Iscores: compute the imputation KL-based scoring rules

Usage

Iscores(
  imputations,
  methods,
  X.NA,
  m = length(imputations[[1]]),
  num.proj = 100,
  num.trees.per.proj = 5,
  min.node.size = 10,
  n.cores = 1,
  projection.function = NULL,
  rescale = TRUE
)

Arguments

imputations

a list of list of imputations matrices containing no missing values of the same size as X.NA

methods

a vector of characters indicating which methods are considered for imputations.

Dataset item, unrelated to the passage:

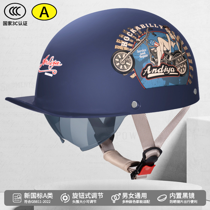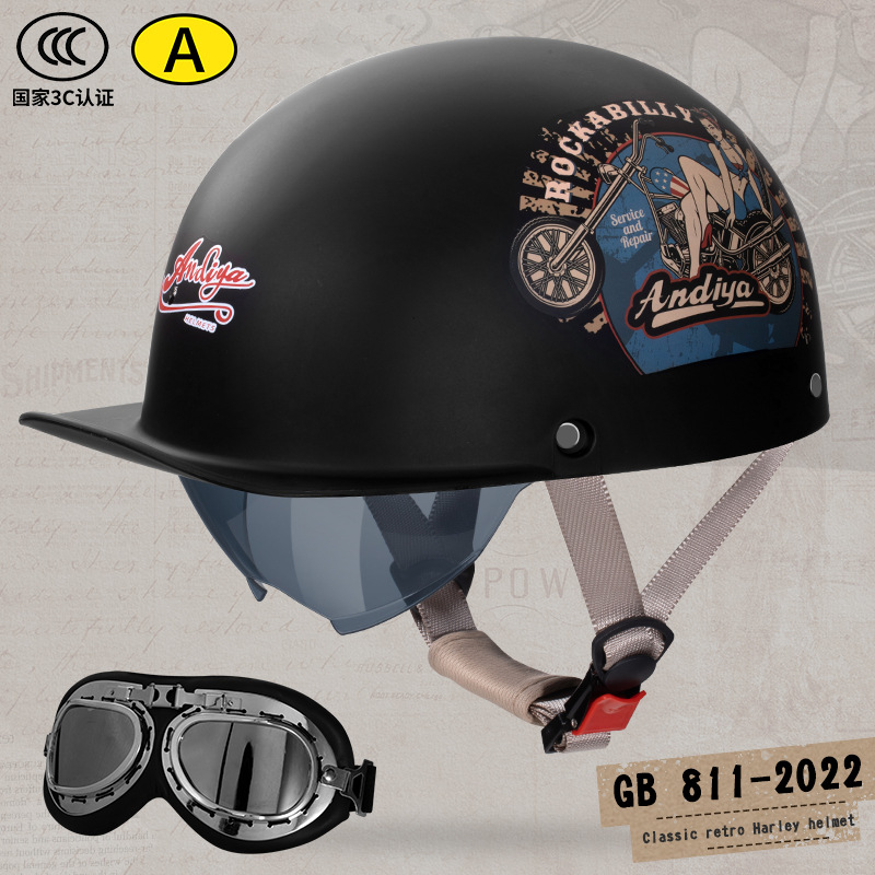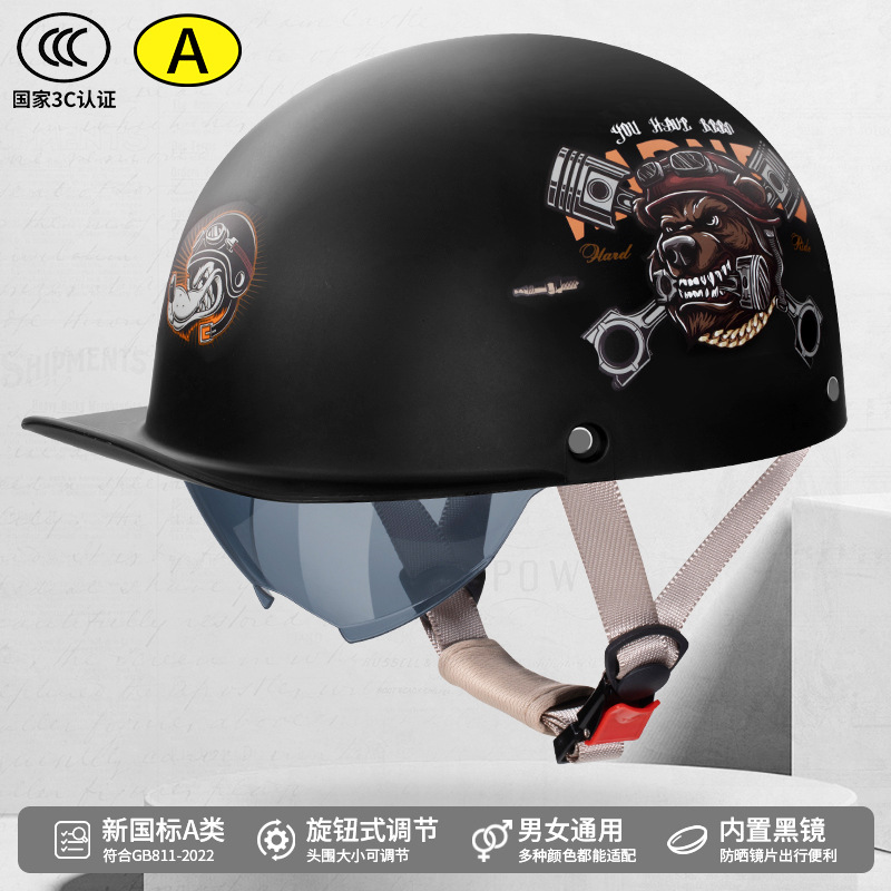 오토바이 전기 자동차 특종 헬멧 레트로 할리 크루즈 하프 헬멧 배터리 자동차 남성 성격 새로운 헬멧

It should have the same length as the list imputations.

X.NA

a matrix containing missing values, the data to impute.

m

the number of multiple imputation to consider, defaulting to the number of provided multiple imputations.

num.proj

an integer specifying the number of projections to consider for the score.

num.trees.per.proj

an integer, the number of trees per projection.

min.node.size

the minimum number of nodes in a tree.

n.cores

an integer, the number of cores to use.

projection.function

a function providing the user-specific projections.

rescale

a boolean, TRUE if the scores should be rescaled such that the max score is 0.

Value

a vector made of the scores for each imputation method.

Examples

n <- 100
X <- cbind(rnorm(n),rnorm(n))
X.NA <- X
X.NA[,1] <- ifelse(stats::runif(n)<=0.2, NA, X[,1])

imputations <- list()

imputations[[1]] <- lapply(1:5, function(i) {
 X.loc <- X.NA
 X.loc[is.na(X.NA[,1]),1] <- mean(X.NA[,1],na.rm=TRUE)
 return(X.loc)
})

imputations[[2]] <- lapply(1:5, function(i) {
 X.loc <- X.NA
 X.loc[is.na(X.NA[,1]),1] <- sample(X.NA[!is.na(X.NA[,1]),1],
 size = sum(is.na(X.NA[,1])), replace = TRUE)
 return(X.loc)
})

methods <- c("mean","sample")

Iscores(imputations,
methods,
X.NA,
num.proj=5
)

Sampling of Projections

Description

Sampling of Projections

Usage

sample.vars.proj(ids.x.na, X, projection.function = NULL, normal.proj = T)

Arguments

ids.x.na

a vector of indices corresponding to NA in the given missingness pattern.

X

a matrix of the observed data containing missing values.

projection.function

a function providing the user-specific projections.

normal.proj

a boolean, if TRUE, sample from the NA of the pattern and additionally from the non NA. If FALSE, sample only from the NA of the pattern.

Value

a vector of variables corresponding to the projection.


Truncation of probability

Description

Truncation of probability

Usage

truncProb(p)

Arguments

p

a numeric value between 0 and 1 to be truncated

Value

a numeric value, the truncated probability.